It was one of those gloomy days, where I stare at the
raindrops trickling down the window, sipping a cup of tea and cynically reflecting
on the dismal realities of life.
(Okay, fine. I don’t actually ever do that. But it sounds
cool. Maybe I should try.)
It was actually a bright and sunny day, and I was walking
down a quiet, rural Indiana street, thinking about the dismal realities of
life, when I had a startlingly pleasant thought: In heaven, all of our
relationships will be healed.
The damage I’ve done to others will be fixed in spite of me.
There won’t be any awkward meetings. No bitter exchanges. No subtle
undercurrent of competition in every conversation.

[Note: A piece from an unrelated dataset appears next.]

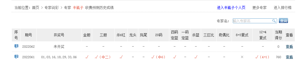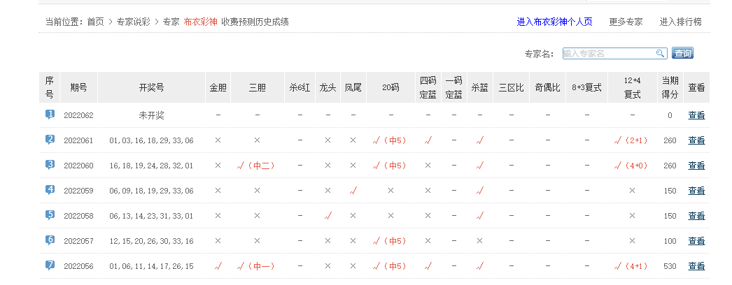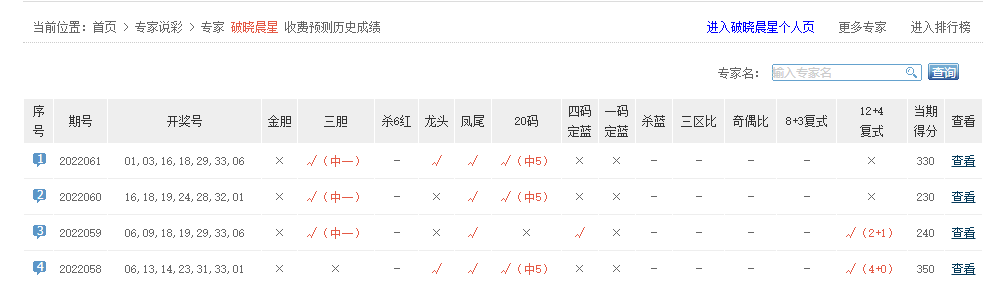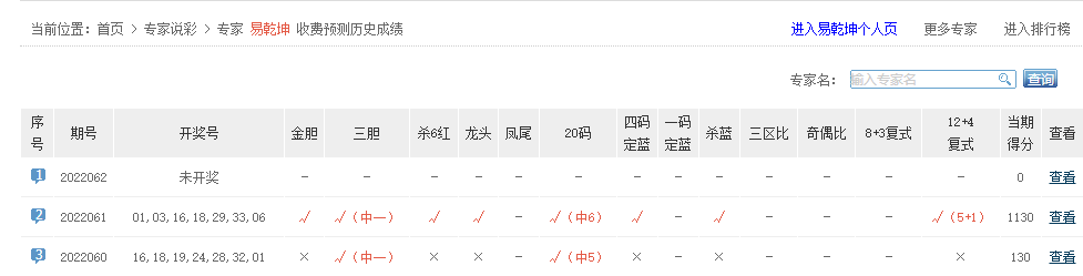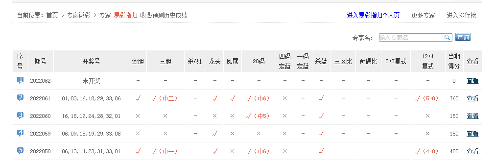 易彩指归、掘金人、紫气Dong来等专家命中6红。

I want to get there so badly. Because, in the Fall, we
ruined the most beautiful things the worst, I think. God is love, so we chose
hate. Our relationship with God was distorted forever, and so were our
relationships with each other.
Sometimes it hurts a lot. Not just dramatic betrayals or
arguments or heartbreaks, but the daily grind of sniping comments, lonely
Facebook posts, jealous thoughts, meanspirited letters to the editor, and
disappointed expectations—everything that tells us things weren’t supposed to
be this way.
Study people enough, and you’ll see it: the tiny ways we
hurt others, often the ones we love most. Study people enough, and you’ll start
to see it in yourself too.
Everyone talks about character like it’s a set of qualities
that people possess, like a collection of treasures in a hall of virtues,
neatly labeled and on display. Instead, I think character is a series of tiny
choices, every one making us into a slightly different kind of person.

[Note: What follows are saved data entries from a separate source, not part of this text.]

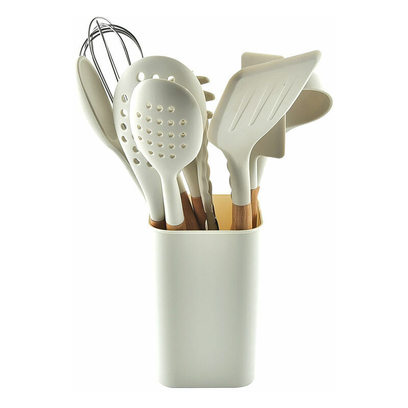 Realizzato in silicone, non tossico. Il manico ha un eccellente isolamento termico e protegge le mani dalle scottature. Durevole e protegge le tue pentole. Non utilizzare uno strumento per la pulizia del metallo ad alta resistenza come una sfera di pulizia. Il manico in legno deve essere lavato a mano. Non mettere in lavastoviglie. Fornitura: 10 pezzi
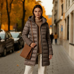 Ovaj ženski postavljeni kaput donosi moderan i profinjen izgled zahvaljujući srednjoj dužini i praktičnoj kapuljači, idealnoj za hladnije dane. Mat završetak i šavovi stvaraju urednu i elegantnu siluetu, a pritom zadržavaju udobnost.
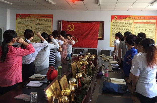 为庆祝中国共产党成立96周年,强化共产党员的党性观念和宗旨意识,激励共产党员坚定理想信念,激发广大党员迎评促建、创先争优的积极性与创造性,7月1日,化学系全体教工和学生党员共同开展了 “重温党史 坚定理想信念”主题党日活动。

Sometimes I think I’m good, when I look at the big-picture
kind of character, the one that feeds on accomplishments and acts of generosity
and service. But then I look closer and see the hundreds of barbs and missed
opportunities and selfish motivations that come out of me every day—and that
shows where my heart really is.
The solution isn’t something that I’ve read in inspirational
books, which tend to focus on the big things, like forgiving a major hurt,
conquering your fears, or getting rid of materialism. What I need to do is talk
to the freshman I don’t know instead of isolating myself with my good friends,
offer a guest my seat, remember someone’s name, stop treating every discussion
like a battle that I must win, and so on.

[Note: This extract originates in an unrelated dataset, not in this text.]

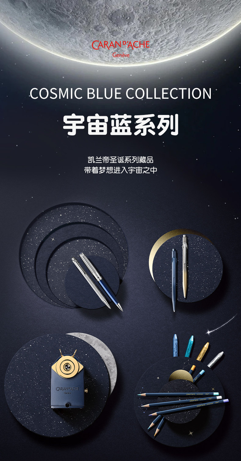 Caran D'Ache Christmas Limited Edition Cosmic Blue Series Swiss Imported 849 Ballpoint Pen Signature Pen for Men and Women Students Writing Practice Pen Gift for Teachers High-End Gift Box
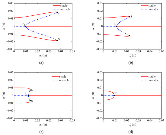 Static bifurcation diagram of the system under different magnet distances : (a); (b) ; (c); and (d) .

Like Naaman scoffing at Elisha’s command to bathe in the
river, I want to be told to do something more dramatic, something complicated
that could possibly be accompanied by an epic soundtrack.
The little choices scare me. Because I know I can make some
very right decisions every once in a while. But I’m not sure if I can make a
hundred tiny right decisions every hour of every day. I want to be a good
person overall without making the small good choices that get me there.
Maybe wisdom means noticing the hairline fractures between
who your tiny choices make you and who you ought to be. It’s like the way an
art critic can disapprove of a painting’s brushstrokes when I see a pretty cool
painting or an Olympic commentator can point out bobbles and errors where I
can’t find any. It takes a careful study of what’s right to really see what’s
wrong.
Yes, in heaven all of those minor flaws will be gone, but
why wait until then? Relationships matter because people matter, and they
matter now, not just once we hit eternity.